Vilaseca se consideró indispensable para acompañar a Carvalho en su visita a Argemí. La muchacha los esperaba a la salida del restaurante semisentada en uno de los coches aparcados sobre el paseo central. Indolentemente los siguió y ya en el coche, cuando se enteró de los planes próximos, empezó a oponer obstáculos, primero con una cierta discreción pero ante las contestaciones evasivas de Vilaseca acabó gritando y exigiendo que la dejasen bajar del coche.

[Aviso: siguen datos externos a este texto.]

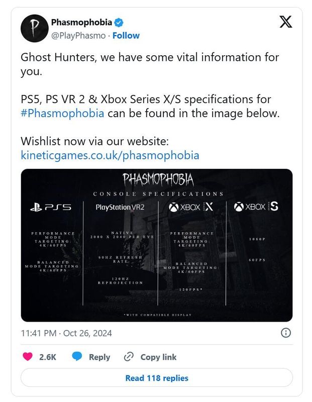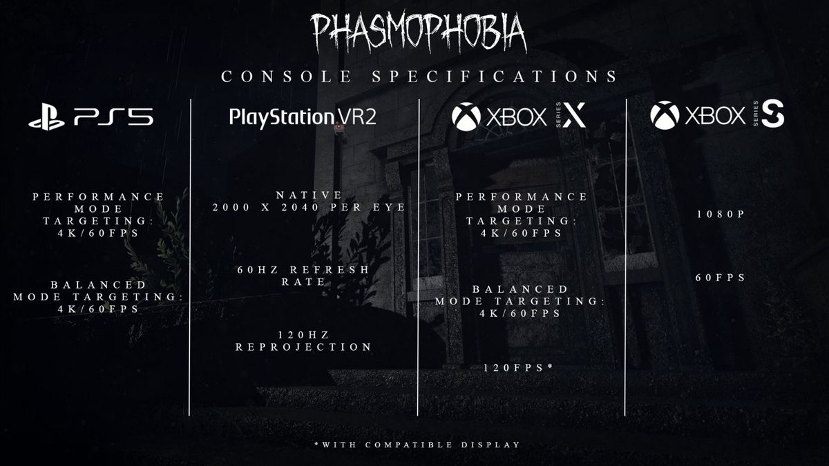 在Xbox Series S上,《恐鬼症》将以1080p和60FPS运行,没有其他图形模式可供选择。最后,在PlayStation VR2上,游戏将以单眼2000×2400原始分辨率运行,刷新率为60Hz,重投影率为120Hz。
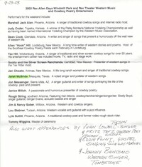 Rex Allen Days - 2003 ProgramRex Allen and his organization have long been close to this webmaster's heart. One of the first country music related TV shows for the year would be theirs, and, if memory serves, LeAnn Rimes made her first nation-wide television appearance on their show. Janet attends "Rex Allen Days" occasionally, and here is her program from 2003. Page One Page Two Page Three -o- |
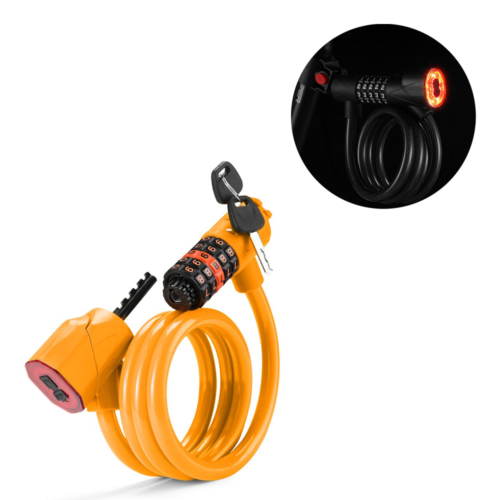 2in1 Fahrrad Schloss USB Velo Rücklicht 5-Stelliges Code Zahlenschloss + Halterung - Orange / Schwarz
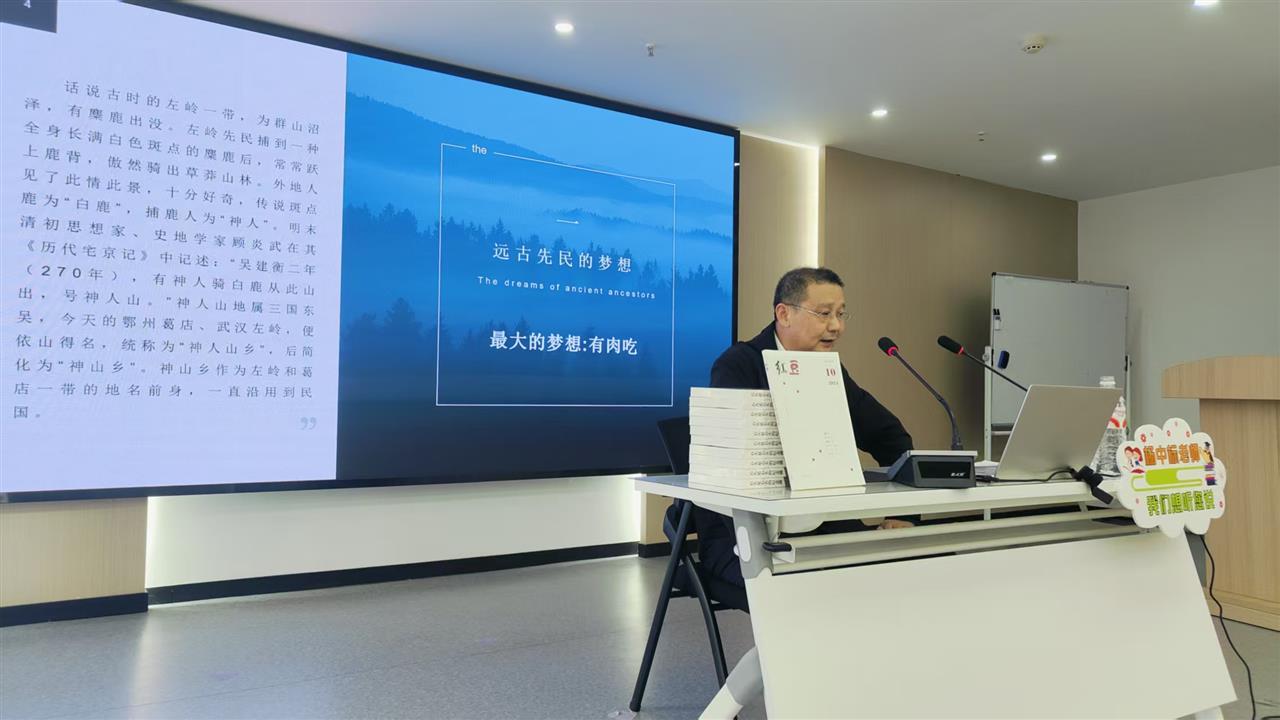读书会现场,杨中标会用武汉方言开讲,从《历代宅京记》里“神人骑白鹿出神山”的记载讲起,再聊起自己记忆里的稻田劳作、谷米河传说,瞬间拉近距离。

—Cambia de papel. Deja ya el papel de niña mal criada de buena familia y recita algo bueno. Por ejemplo, el diálogo de Gloria Grahame con Glenn Ford en Sobornados. Te pareces a Gloria Grahame, te lo he dicho cien veces. ¿Recuerda a la Grahame, Carvalho? Nació con la mirada más hermosa de este mundo, equívoca, tierna, lasciva. Tenía la expresión necesaria para sostener un diálogo inteligente. Te pareces mucho a la Grahame, Ana, en serio.

—Quiero irme. No soporto a tus amigos. No soporto el que os paséis cinco horas recordando majaderías que os hacen reír sólo a vosotros, sólo a vosotros. Yo me aburro. Sois aburridos.

—¡Pare, Carvalho!

Arrimó el coche a la hilera de los aparcados y aún finalizaba la maniobra cuando ya Vilaseca había saltado, abría la portezuela del asiento trasero e instaba a la muchacha:

—Baja. Vete ya a parir panteras. Tienes el día.

Bajó la chica con todo el empaque posible y al pasar ante Vilaseca dijo sin mirarle:

—Te espero en Zeleste a las once.

—Yo estaré en casa dentro de dos horas.

—Yo no.

—¿Adónde vas?

—Es cosa mía.

—Carvalho, lo he pensado mejor; no voy a ver a Argemí. Por favor, dígale que le llamaré uno de estos días. Tengo proyectos interesantísimos.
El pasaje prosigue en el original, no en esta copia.